Wali Kota Tegal Nonaktif Siti Masitha Dituntut 7 Tahun Penjara

Nusaindo.com, Jakarta – Wali Kota Tegal nonaktif, Siti Mashita Soeparno dituntut hukuman penjara selama tujuh tahun. Selain itu, Jaksa penuntut Umum KPK, Fitroh Rochcahyanto juga meminta majelis hakim mencabut hak politik Siti Masitha dan denda Rp 200 juta subsider enam bulan penjara.

Dilakukan pelimpahan berkas perkara, barang bukti dan tersangka atas nama SMS (Siti Masitha Soeparno),” ujar Kabag Pemberitaan dan Publikasi KPK Priharsa Nugraha di Gedung KPK Kuningan Jakarta Selatan, Jumat 22 Desember 2017.

“Menuntut majelis hakim menyatakan terdakwa terbukti secara sah dan meyakinkan, melakukan tindak pidana sesuai diatur dalam dakwaan pertama, Pasal 12 huruf B, Undang-undang nomor 31 Tahun 1999 sebagaimana diubah ke dalam Undang-undang Nomor 20 Tahun 2001 tentang Tipikor juncto Pasal 55 ayat (1) juncto Pasal 64 KUHP,” kata Fitroh di hadapan ketua majelis hakim, Antonius Widjantono dalam sidang di Pengadilan Tipikor Semarang, Senin (2/4).

Menurut Jaksa, Siti Mashita menikmati suap sekitar Rp 500 juta. Sementara hal yang meringankan, Siti Masitha kooperatif saat persidangan. “Terdakwa juga mengakui dan menyesali perbuatannya,” ujarnya.
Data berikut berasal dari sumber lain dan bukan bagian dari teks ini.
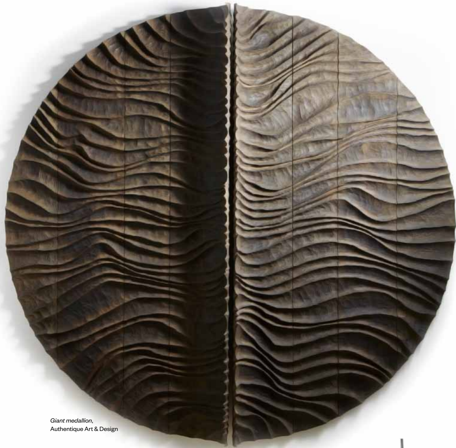
Giant medallion, Authentique Art & Design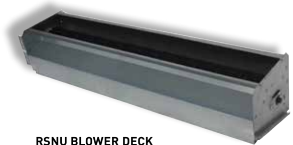
RSNU BLOWER DECK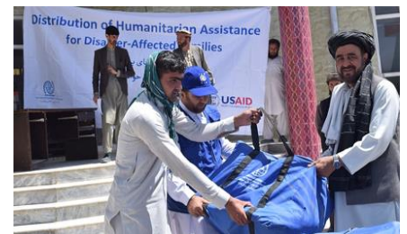
Distribution of NFIs to flood affected families of Zadran district, Paktia province, 22 May, 2017.

Selain Siti Mashita, persekongkolan tersebut juga melibatkan mantan ketua Partai NasDem Brebes, Amir Mirza Hutagalung. Dia juga menilai bahwa uang suap yang diberikan dari Cahyo supriyadi, Sugiyanto, Sri Murni dan Sadat Fariz melalui Amir Mirza ditujukan kepada terdakwa. “Terdakwa menyatakan bahwa Amir Mirza Hutagalung merupakan representasi dirinya sebagai Walikota Tegal,” tegas Fitroh.

Selain Siti, dalam kasus ini KPK menetapkan dua orang lainnya sebagai tersangka, yakni Amir Mirza Hutagalung (AMH) mantan ketua DPD Partai Nasdem kota Brebes, dan Cahyo Supardi (CHY) Wakil Direktur RSUD Kardinah Tegal.

Wali Kota Tegal Siti Masitha dan Amir diduga sebagai penerima suap, sementara Cahyo diduga selaku pemberi suap.

Uang yang disita dalam operasi tangkap tangan tersebut sebesar Rp 300 juta, yakni Rp 200 juta dan Rp 100 dari rekening Amir.

Usai mendengar tuntutan jaksa, Siti Masitha menyatakan akan membuat pembelaan secara pribadi. Dia juga mengatakan, penasehat hukumnya akan mengajukan pembelaan. “Kami akan mengajukan pembelaan pribadi, yang mulia,” kata Siti Masitha.

Siti Masitha dan Amir Mirza Hutagalung diseret ke meja hijau lantaran diduga terlibat kasus suap Cahyo Supardi. Menurut dakwaan, Cahyo telah memberikan suap kepada Siti Masitha sejak 2016 hingga 2017. Total jumlah suap yang diterima oleh Siti Masitha mencapai sekitar Rp 7 miliar. Jaksa Penuntut Umum (JPU), Fitroh Rohchyanto, mendakwa Cahyo dengan dakwaan alternatif.